SOURCE MATERIAL:
++++++
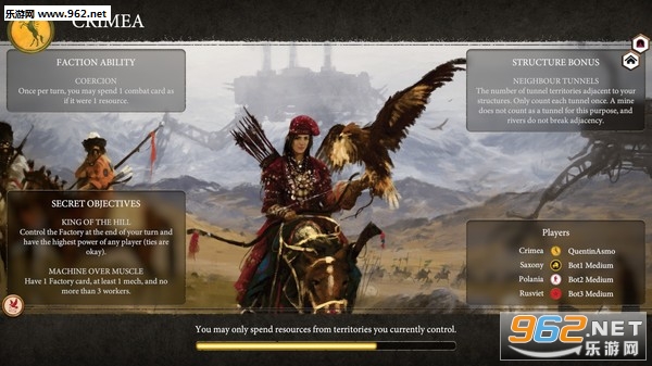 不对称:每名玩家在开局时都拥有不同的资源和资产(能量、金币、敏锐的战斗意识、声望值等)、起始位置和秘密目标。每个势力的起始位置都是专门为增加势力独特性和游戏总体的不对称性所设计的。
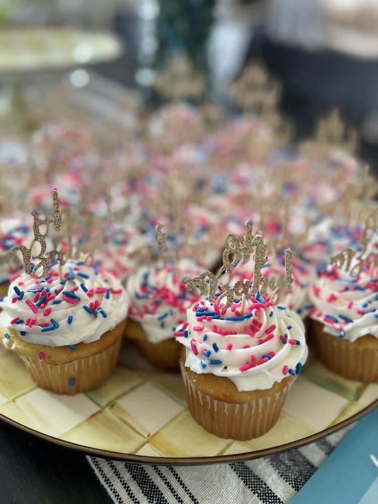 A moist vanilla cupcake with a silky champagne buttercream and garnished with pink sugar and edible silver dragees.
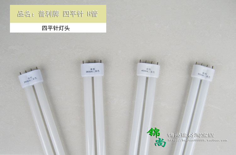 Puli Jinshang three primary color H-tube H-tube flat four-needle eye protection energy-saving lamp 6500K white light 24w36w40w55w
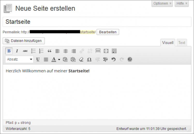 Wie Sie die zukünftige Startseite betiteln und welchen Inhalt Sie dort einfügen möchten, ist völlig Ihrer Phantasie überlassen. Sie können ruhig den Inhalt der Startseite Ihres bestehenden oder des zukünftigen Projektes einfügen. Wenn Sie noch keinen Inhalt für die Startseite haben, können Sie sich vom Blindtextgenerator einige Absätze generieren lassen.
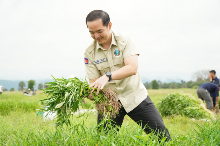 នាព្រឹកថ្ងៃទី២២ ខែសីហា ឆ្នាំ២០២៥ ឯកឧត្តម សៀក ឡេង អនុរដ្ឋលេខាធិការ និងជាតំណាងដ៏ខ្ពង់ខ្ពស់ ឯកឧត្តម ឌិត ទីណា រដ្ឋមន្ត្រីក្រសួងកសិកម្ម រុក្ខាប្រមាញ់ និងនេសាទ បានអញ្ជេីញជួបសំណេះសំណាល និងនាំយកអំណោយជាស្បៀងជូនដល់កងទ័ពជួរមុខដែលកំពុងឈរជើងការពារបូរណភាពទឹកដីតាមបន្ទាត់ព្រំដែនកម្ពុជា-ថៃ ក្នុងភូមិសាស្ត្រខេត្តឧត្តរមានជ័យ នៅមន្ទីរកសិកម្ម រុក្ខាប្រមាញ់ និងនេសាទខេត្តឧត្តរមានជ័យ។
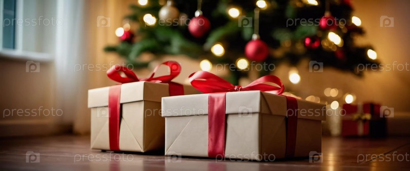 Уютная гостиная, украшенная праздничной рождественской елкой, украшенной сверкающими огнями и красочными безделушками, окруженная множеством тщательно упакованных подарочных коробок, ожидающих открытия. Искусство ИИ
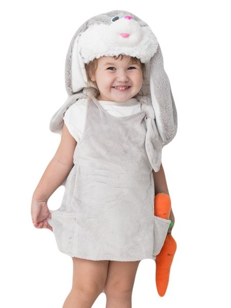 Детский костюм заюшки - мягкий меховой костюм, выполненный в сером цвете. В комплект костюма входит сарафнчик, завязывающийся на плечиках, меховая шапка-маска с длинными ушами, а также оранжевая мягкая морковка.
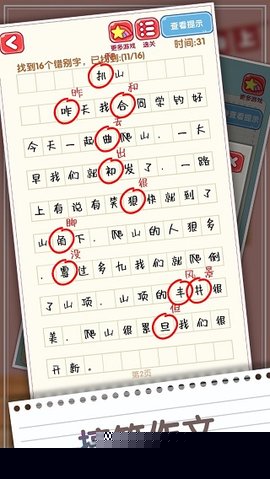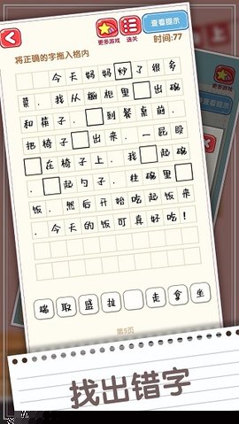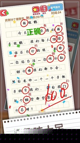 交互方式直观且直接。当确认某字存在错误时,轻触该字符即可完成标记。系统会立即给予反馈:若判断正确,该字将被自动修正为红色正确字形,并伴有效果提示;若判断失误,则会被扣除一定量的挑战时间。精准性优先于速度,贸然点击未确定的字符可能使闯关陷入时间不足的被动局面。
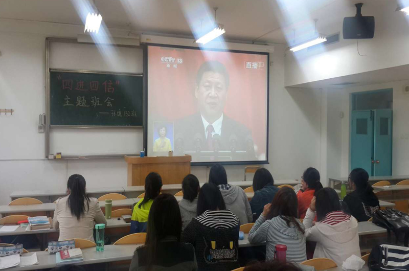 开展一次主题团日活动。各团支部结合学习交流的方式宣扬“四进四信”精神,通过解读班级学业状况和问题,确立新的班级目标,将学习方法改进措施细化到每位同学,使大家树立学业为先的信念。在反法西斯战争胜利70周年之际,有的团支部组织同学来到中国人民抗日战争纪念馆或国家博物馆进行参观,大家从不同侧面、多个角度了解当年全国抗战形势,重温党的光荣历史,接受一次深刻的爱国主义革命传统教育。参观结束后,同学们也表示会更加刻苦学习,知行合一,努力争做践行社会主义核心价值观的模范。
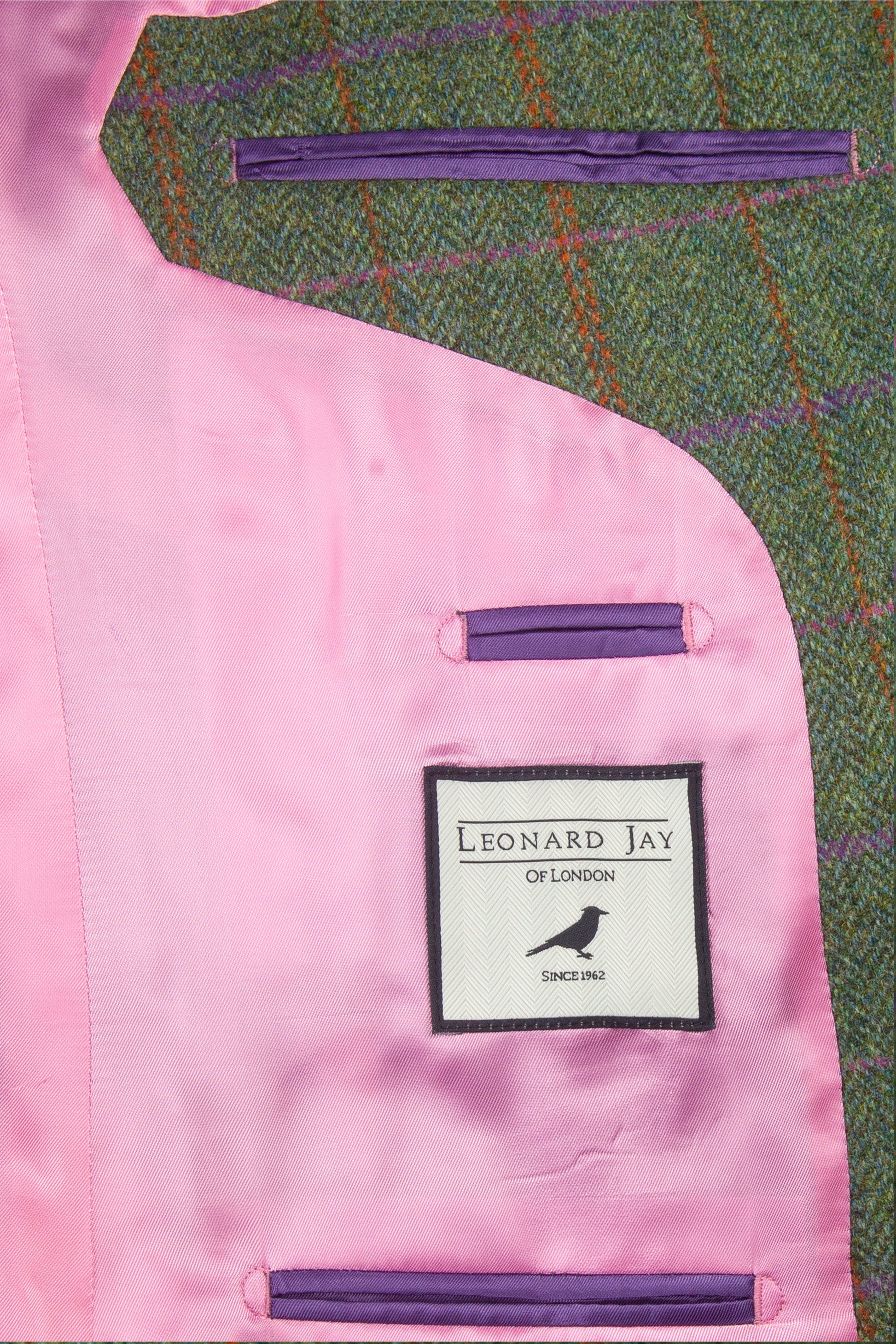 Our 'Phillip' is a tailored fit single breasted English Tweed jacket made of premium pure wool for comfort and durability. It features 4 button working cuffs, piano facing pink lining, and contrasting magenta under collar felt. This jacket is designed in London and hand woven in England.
++++++
ASSIGNED TASK:
In the data above, find the line containing "Wie Sie die" and the line containing "Детский костюм заюшки". Copy exactly the stretch from the first through the second, both included, leaving out any picture.

RESULT FOR THIS TASK:
 Wie Sie die zukünftige Startseite betiteln und welchen Inhalt Sie dort einfügen möchten, ist völlig Ihrer Phantasie überlassen. Sie können ruhig den Inhalt der Startseite Ihres bestehenden oder des zukünftigen Projektes einfügen. Wenn Sie noch keinen Inhalt für die Startseite haben, können Sie sich vom Blindtextgenerator einige Absätze generieren lassen.
 នាព្រឹកថ្ងៃទី២២ ខែសីហា ឆ្នាំ២០២៥ ឯកឧត្តម សៀក ឡេង អនុរដ្ឋលេខាធិការ និងជាតំណាងដ៏ខ្ពង់ខ្ពស់ ឯកឧត្តម ឌិត ទីណា រដ្ឋមន្ត្រីក្រសួងកសិកម្ម រុក្ខាប្រមាញ់ និងនេសាទ បានអញ្ជេីញជួបសំណេះសំណាល និងនាំយកអំណោយជាស្បៀងជូនដល់កងទ័ពជួរមុខដែលកំពុងឈរជើងការពារបូរណភាពទឹកដីតាមបន្ទាត់ព្រំដែនកម្ពុជា-ថៃ ក្នុងភូមិសាស្ត្រខេត្តឧត្តរមានជ័យ នៅមន្ទីរកសិកម្ម រុក្ខាប្រមាញ់ និងនេសាទខេត្តឧត្តរមានជ័យ។
 Уютная гостиная, украшенная праздничной рождественской елкой, украшенной сверкающими огнями и красочными безделушками, окруженная множеством тщательно упакованных подарочных коробок, ожидающих открытия. Искусство ИИ
 Детский костюм заюшки - мягкий меховой костюм, выполненный в сером цвете. В комплект костюма входит сарафнчик, завязывающийся на плечиках, меховая шапка-маска с длинными ушами, а также оранжевая мягкая морковка.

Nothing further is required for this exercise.